Here, the "eqpho" attribute contains all surface forms recognized as phonetic variants of the query term, "eqrw" contains those surface forms recognized as variants by the heuristic rewrite cascade, and "eqlemma" contains the surface forms most likely to be mapped to the same modern lemma as the query term. This online expansion strategy is used by the DTA Query Lizard, and was also used by an earlier version of the DTA corpus index as described in Jurish et al. (2014), but has since been replaced there by an online lemmatization query using the "lemma" expander, in conjunction with a direct query of the underlying corpus $Lemma index.

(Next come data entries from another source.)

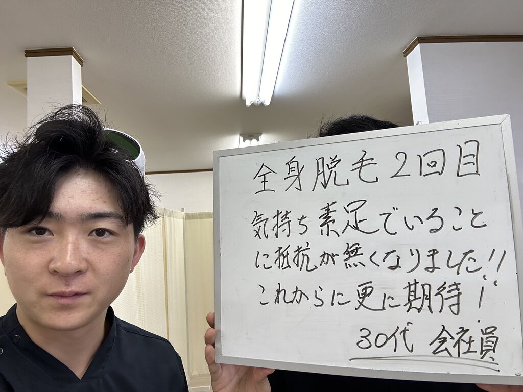体毛、特に頑固な髭には困っていました。半信半疑でお試しを数回やって見ましたがお試し期間で髭が伸びる速度、顔を洗う時抜けていく髭に正直ビックリ!!なのでプランで全身やる事に決めました。先生は若いですが、とても丁寧に丁寧にやって頂けるので雑さがないのが良いですプランも最終段階に突入しましたが、当初の自分の体毛、髭の濃さとは別人です。朝の髭剃り時間がいらないのがほんとやってよかったと思います!☆身体も要らない毛がなくなってく様をみて色々と自信が持てるようになりました。是非、悩んでる方はお試しでもやった方がいいと思います。 (訪問:2025/04/27)
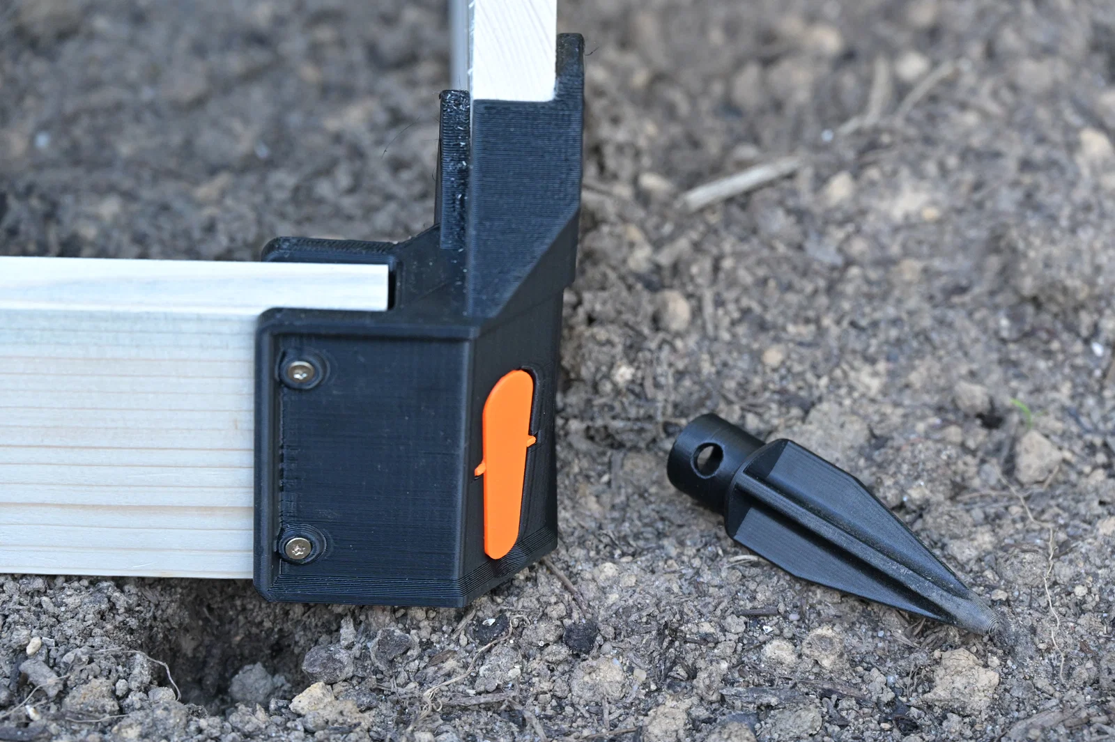 Độ dài của các tấm ván sẽ quyết định kích thước nhà kính của bạn. Các module góc sẽ nối các tấm ván thành một bộ khung. Bạn có thể chồng các khung lên nhau tùy ý. Các khung đơn lẻ được kết nối bằng cơ chế khóa gồm lò xo in 3D và cần gạt (nếu muốn thử nghiệm cơ chế này trước, bạn có thể in các linh kiện trong thư mục test).
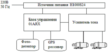 блоком управления на электродвигатели. Источником питания служит блок H1000S24. Источник питания, блок управления, усилитель тока, и GPS ресивер монтируются в электрический
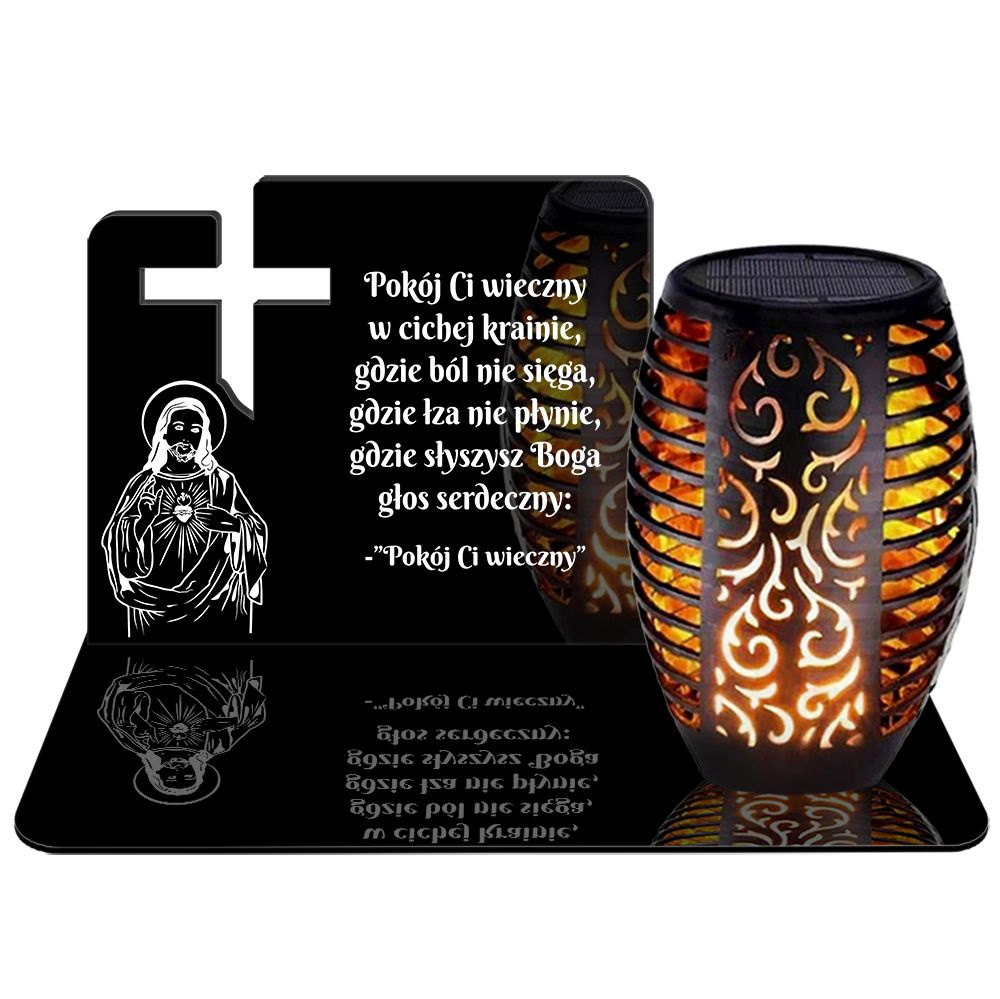 ZNICZ SOLARNY LED WIECZNY PODSTAWKA NA CMENTARZ GRÓB Krzyż EFEKT PŁOMIENIA
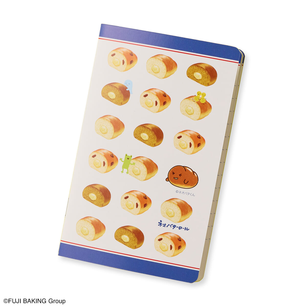 フジパンの人気ベーカリー「ネオバターロール」や「ネオ黒糖ロール」「ネオレーズンバターロール」などが表紙に描かれたミニノート。
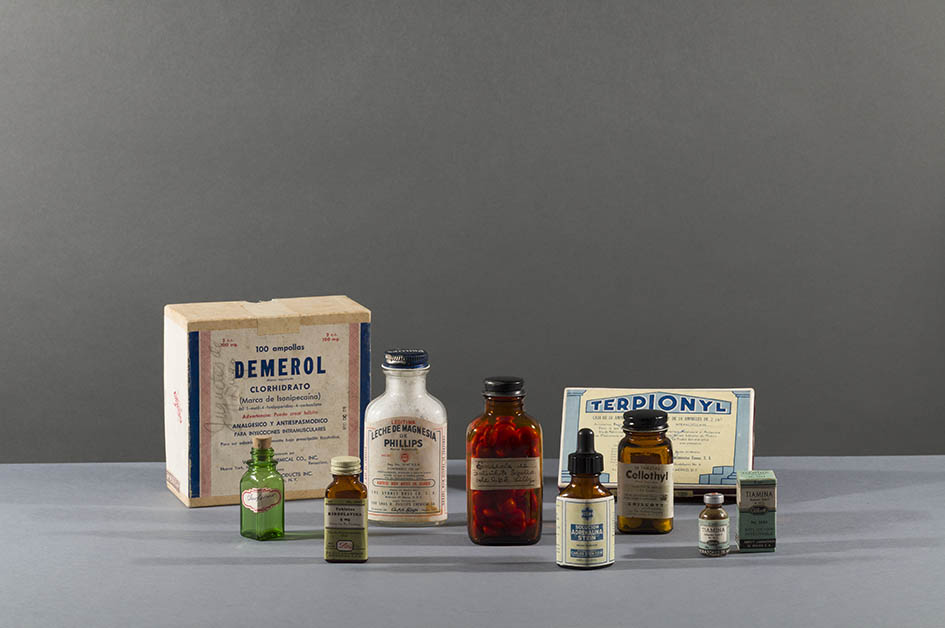 Throughout her life, especially after each of the more than twenty surgeries that she underwent, Frida had to take a variety of analgesics, antibiotics, and food supplements. These bottles are associated with the pharmacology used to address her ailments.
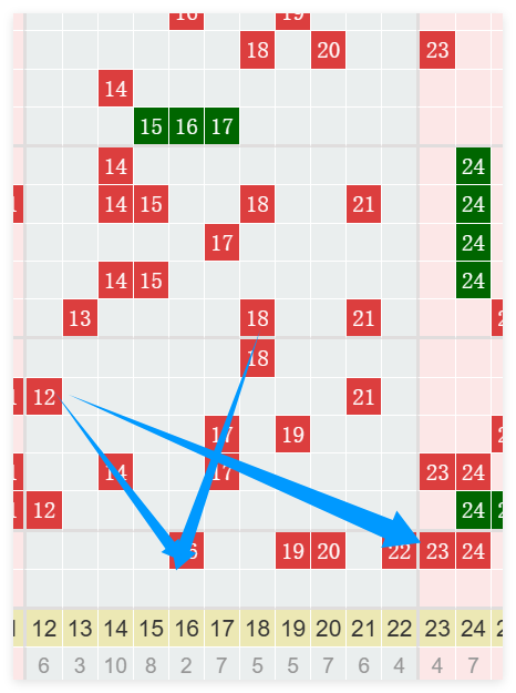 那么首先回顾一下我们上期文章推出了红球11.24.25.共三个红球,蓝球的话没有没有围住
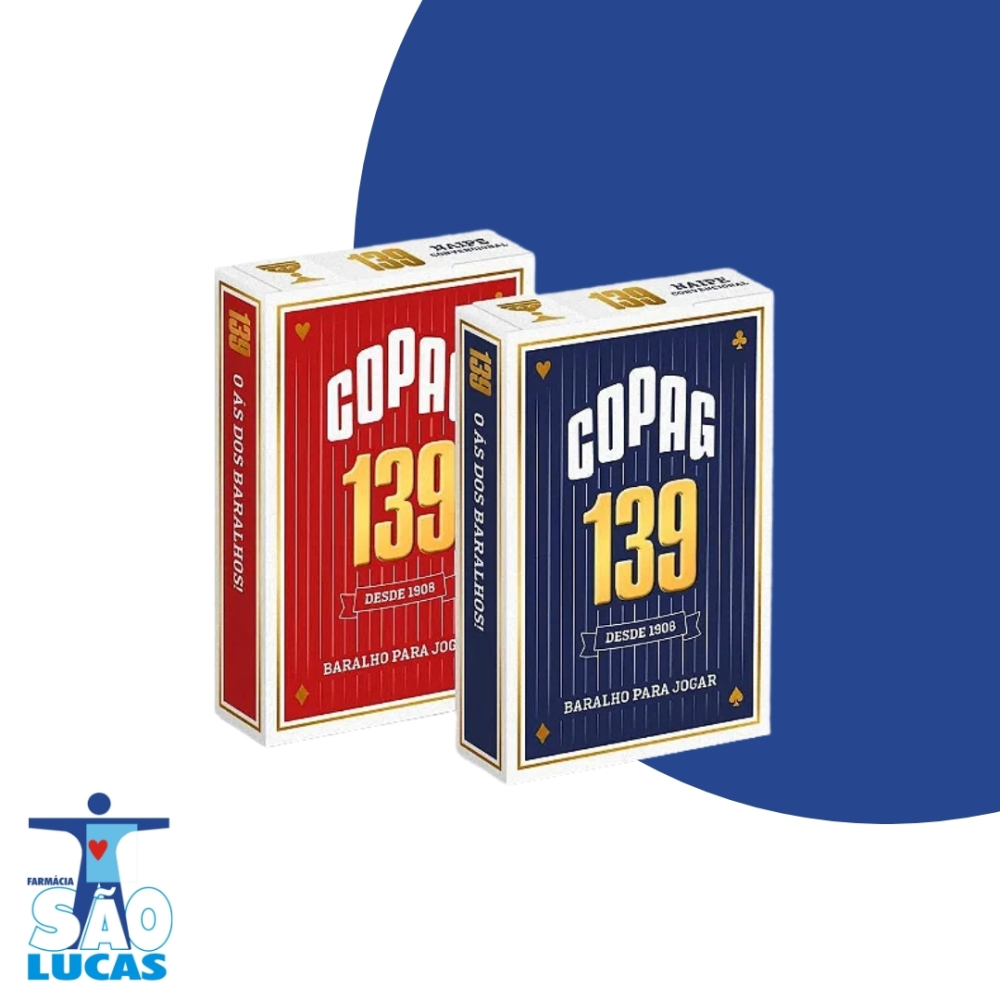 São referência em excelência de qualidade no mundo todo. Possuem fácil deslize e são de agradável manuseio. O Baralho 139 é o mais famoso da linha de baralhos Copag e o Baralho Tradicional mais querido do Brasil. Fabricado desde 1923 e se mantém um produto de tecnologia inovadora, produzido em cartão de alta qualidade, que garante grande durabilidade e conforto no manuseio. As cartas do Baralho 139 Tradicional Copag são do tamanho Bridge Size (57x89mm) e produzidas em exclusivo cartão couché 290gr, não transparentes, atóxicas e recicláveis. Aqui na Copag Loja você encontra o Baralho 139 Tradicional disponível em naipe grande nas cores azul e vermelho
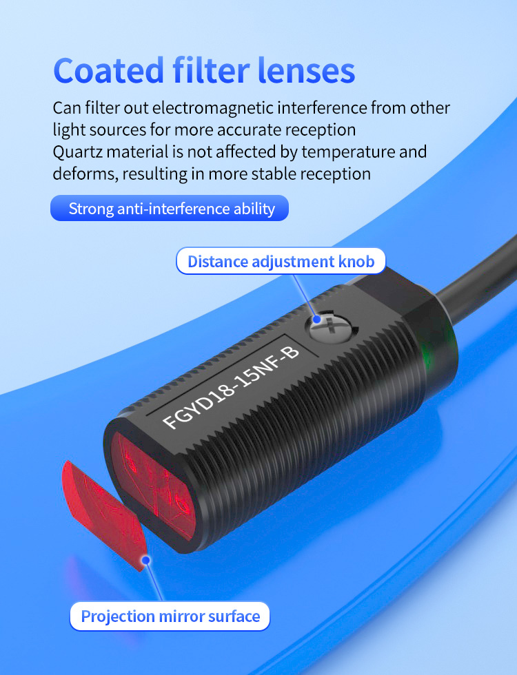 Mặt trước của cảm biến có ống kính bộ lọc được phủ, lọc hiệu quả sự can thiệp của ánh sáng và điện từ từ môi trường, đảm bảo nhận tín hiệu chính xác và ổn định. Được chế tác từ vật liệu thạch anh, ống kính chống lại nhiệt độ cao và biến dạng, duy trì hiệu suất vượt trội ngay cả trong môi trường có biến động nhiệt độ đáng kể. Thiết kế này tăng cường hơn nữa độ tin cậy của các cảm biến phát hiện máy lò xo trong điều kiện vận hành khắc nghiệt.
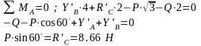 Fкy=0 Ya-P*cos45-Q+Rc*cos45=0
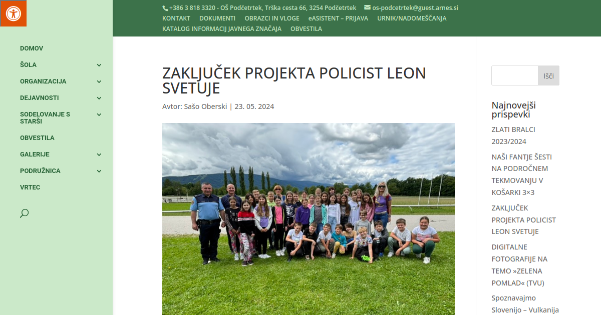 Učenci 5. razreda matične in podružnične šole so sodelovali v projektu Policist Leon svetuje. Preventivni projekt Policist Leon svetuje so zasnovali na Policijski upravi Slovenj Gradec. Pri vsebinski pripravi in oceni projekta je sodelovalo tudi Ministrstvo za šolstvo in šport. Projekt je namenjen učencem in učenkam petega razreda devetletnega programa osnovne šole, kar pomeni, da naj bi vsako leto sodelovalo približno 20.000 učencev. Nosilec projekta je Uprava uniformirane policije, izvajalci pa so policijske uprave oziroma policijske postaje v sodelovanju z osnovnimi šolami.

The request includes the tokenize=0 option, which informs the CAB server that the query does not need to be tokenized, effectively forcing use of the qd parameter to the low-level service. This is generally a good idea when using single-token queries or pre-tokenized documents, since it speeds up processing.

Date-optimized Analysis

As of DTA::CAB v1.78, the DTA Dispatcher includes specialized rewrite models (rw.1600-1700, rw.1700-1800, rw.1800-1900), and provides a number of high-level convenience chains (norm.1600-1700, norm1.1600-1700, etc.) using these models instead of the default "generic" rewrite cascade (rw) to provide canonicalization hypotheses for unknown words. The weights for the specialized rewrite models were trained on a modest number of manually assigned canonicalization pairs from the period in question extracted from the CabErrorDb error database (4,000-8,000 pair types per model), and may provide a slight improvement in canonicalization accuracy with respect to the generic model, provided that you specify the appropriate analysis chain ("Analyzer") in your request. Compare for example the outputs of the various chains for the input forms avf, Auffichten, and Büberchens:

Format Conversion

The CAB server can be used to convert between various supported I/O Formats. In this mode, no analysis is performed on the input data (with the exception of tokenization for raw untokenized input), but the input document is parsed and re-formatted according to the selected output format. The analysis chain "null" can be selected for such tasks. To tokenize a simple text string for instance, you can select the "null" analyzer and the "text" format, and expect output such as this.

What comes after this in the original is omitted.